## Exercise instructions
Retype each line below precisely and omit all images.

## Recorded data

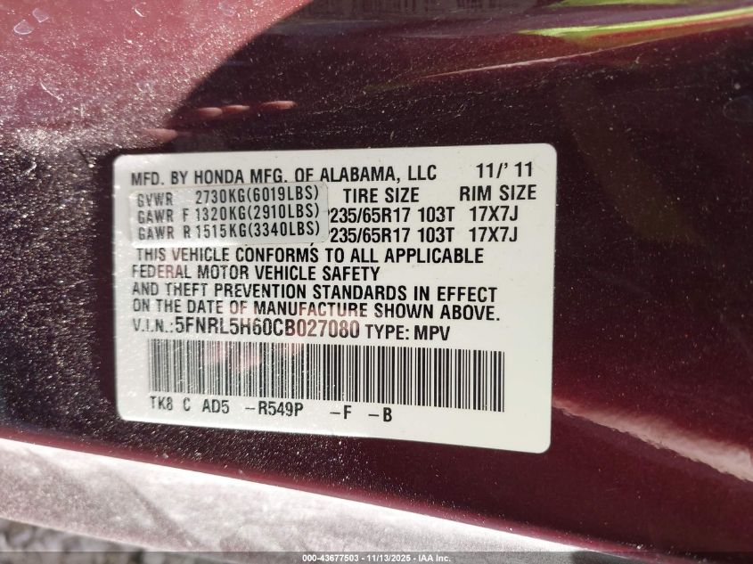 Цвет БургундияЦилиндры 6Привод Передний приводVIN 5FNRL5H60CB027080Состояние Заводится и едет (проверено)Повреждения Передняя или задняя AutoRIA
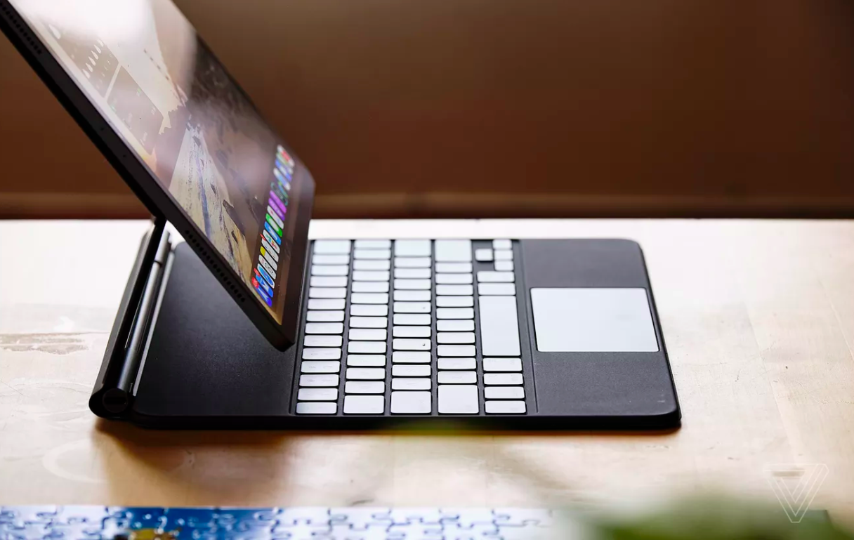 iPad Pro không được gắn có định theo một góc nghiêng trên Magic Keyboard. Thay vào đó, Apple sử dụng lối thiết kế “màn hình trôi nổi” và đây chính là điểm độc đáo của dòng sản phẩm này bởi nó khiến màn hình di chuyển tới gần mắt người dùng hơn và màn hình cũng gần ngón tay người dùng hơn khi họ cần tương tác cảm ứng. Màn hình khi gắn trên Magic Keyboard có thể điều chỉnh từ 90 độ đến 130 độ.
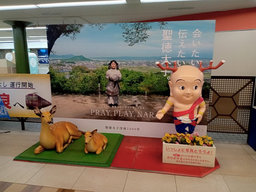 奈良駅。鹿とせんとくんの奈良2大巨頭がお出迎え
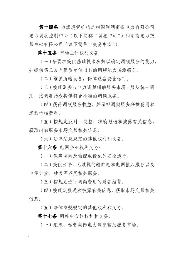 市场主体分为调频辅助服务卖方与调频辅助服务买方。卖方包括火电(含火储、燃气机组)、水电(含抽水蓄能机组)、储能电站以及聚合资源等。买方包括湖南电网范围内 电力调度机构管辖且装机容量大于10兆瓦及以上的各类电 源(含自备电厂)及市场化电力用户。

## Exercise result
 Цвет БургундияЦилиндры 6Привод Передний приводVIN 5FNRL5H60CB027080Состояние Заводится и едет (проверено)Повреждения Передняя или задняя AutoRIA
 iPad Pro không được gắn có định theo một góc nghiêng trên Magic Keyboard. Thay vào đó, Apple sử dụng lối thiết kế “màn hình trôi nổi” và đây chính là điểm độc đáo của dòng sản phẩm này bởi nó khiến màn hình di chuyển tới gần mắt người dùng hơn và màn hình cũng gần ngón tay người dùng hơn khi họ cần tương tác cảm ứng. Màn hình khi gắn trên Magic Keyboard có thể điều chỉnh từ 90 độ đến 130 độ.
 奈良駅。鹿とせんとくんの奈良2大巨頭がお出迎え
 市场主体分为调频辅助服务卖方与调频辅助服务买方。卖方包括火电(含火储、燃气机组)、水电(含抽水蓄能机组)、储能电站以及聚合资源等。买方包括湖南电网范围内 电力调度机构管辖且装机容量大于10兆瓦及以上的各类电 源(含自备电厂)及市场化电力用户。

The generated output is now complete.